[v4] qcow2: async handling of fragmented io

[Qemu-devel] [PATCH v4 0/5] qcow2: async handling of fragmented io

Posted by Vladimir Sementsov-Ogievskiy 6 years, 2 months ago

Hi all!

Here is an asynchronous scheme for handling fragmented qcow2
reads and writes. Both qcow2 read and write functions loops through
sequential portions of data. The series aim it to parallelize these
loops iterations.
It improves performance for fragmented qcow2 images, I've tested it
as described below.

v4 [perf results not updated]:
01: new patch. Unrelated, but need to fix 026 before the series to
    correctly fix it after :)
02: - use coroutine_fn where appropriate (i.e. in aio_task_pool_new too)
    - add Max's r-b
03,04: add Max's r-b
05: fix 026 output

v3 (by Max's comments) [perf results not updated]:

01: - use coroutine_fn where appropriate !!!!!!!!!!!!!!!!!!!!!!!
    - add aio_task_pool_free
    - add some comments
    - move header to include/block
    - s/wait_done/waiting
02: - Rewrite note about decryption in guest buffers [thx to Eric]
    - separate g_assert_not_reached for QCOW2_CLUSTER_ZERO_*
    - drop return after g_assert_not_reached
03: - drop bytes_done and correctly use qiov_offset
    - fix comment
04: - move QCOW2_MAX_WORKERS to block/qcow2.h
    - initialize ret in qcow2_co_preadv_part
Based-on: https://github.com/stefanha/qemu/commits/block


v2: changed a lot, as
 1. a lot of preparations around locks, hd_qiovs, threads for encryption
    are done
 2. I decided to create separate file with async request handling API, to
    reuse it for backup, stream and copy-on-read to improve their performance
    too.
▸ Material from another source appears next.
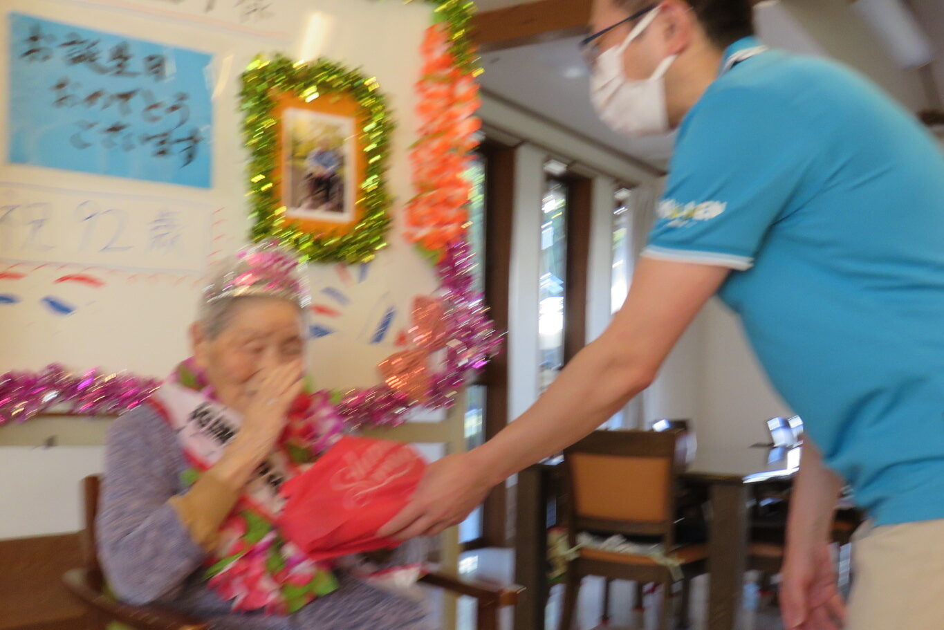ボードの前で記念撮影、そして誕生日プレゼントをお手渡しさせていただきました(●´ω`●)(少しブレています。すみません)
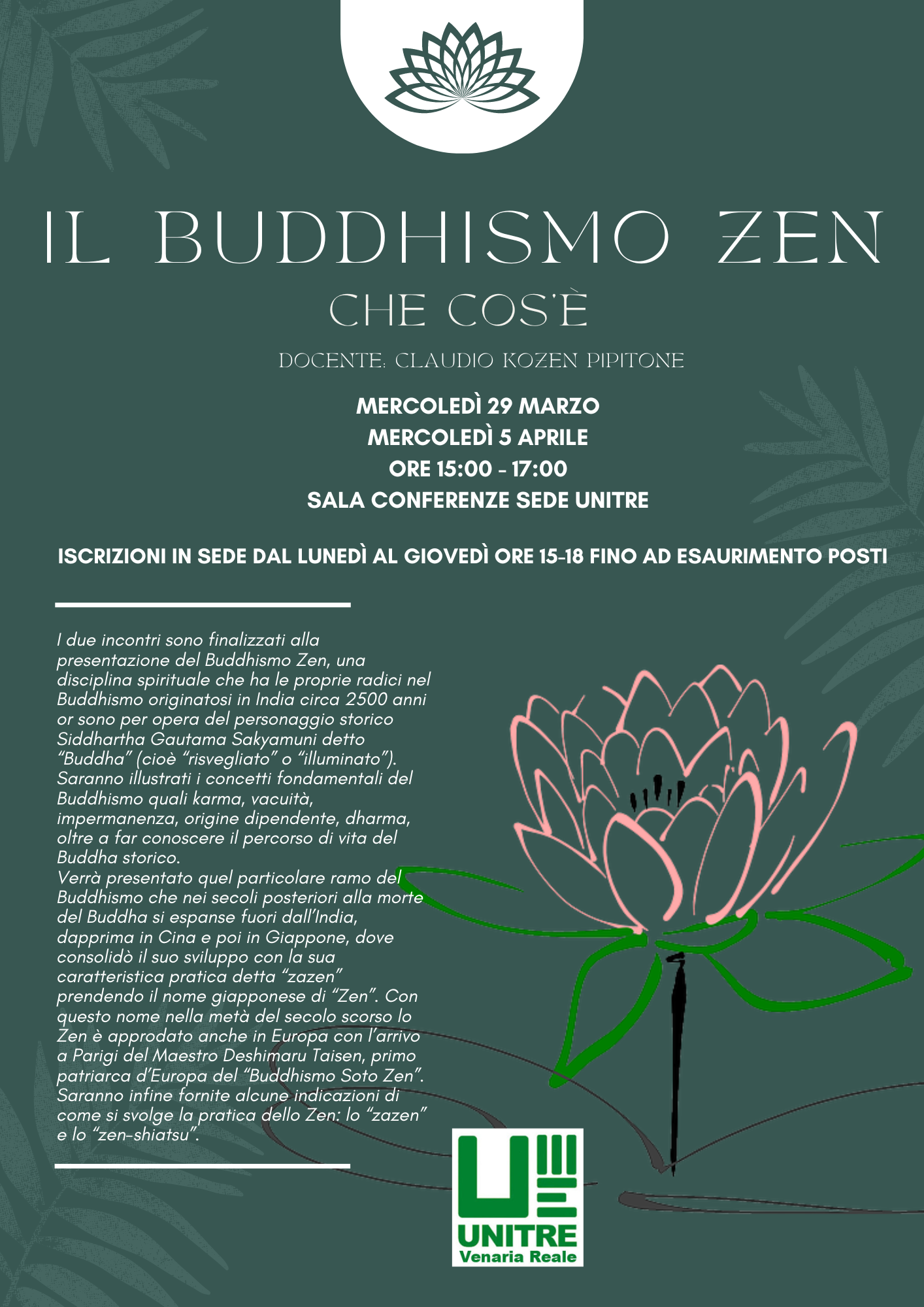 Mercoledì 29 marzo e mercoledì 5 aprile presso la Sala Conferenze della sede Unitre. Docente: Claudio Kozen Pipitone I due incontri sono finalizzati alla presentazione del Buddhismo Zen, una disciplina spirituale che ha le proprie...

Mirror and qemu-img convert has their own async request handling,
    may be we'll be able finally merge all these similar code into one
    feature.
    Note that not all API calls used in qcow2, some will be needed on
    following steps for parallelizing other io loops.

About testing:

I have four 4G qcow2 images (with default 64k block size) on my ssd disk:
t-seq.qcow2 - sequentially written qcow2 image
t-reverse.qcow2 - filled by writing 64k portions from end to the start
t-rand.qcow2 - filled by writing 64k portions (aligned) in random order
t-part-rand.qcow2 - filled by shuffling order of 64k writes in 1m clusters
(see source code of image generation in the end for details)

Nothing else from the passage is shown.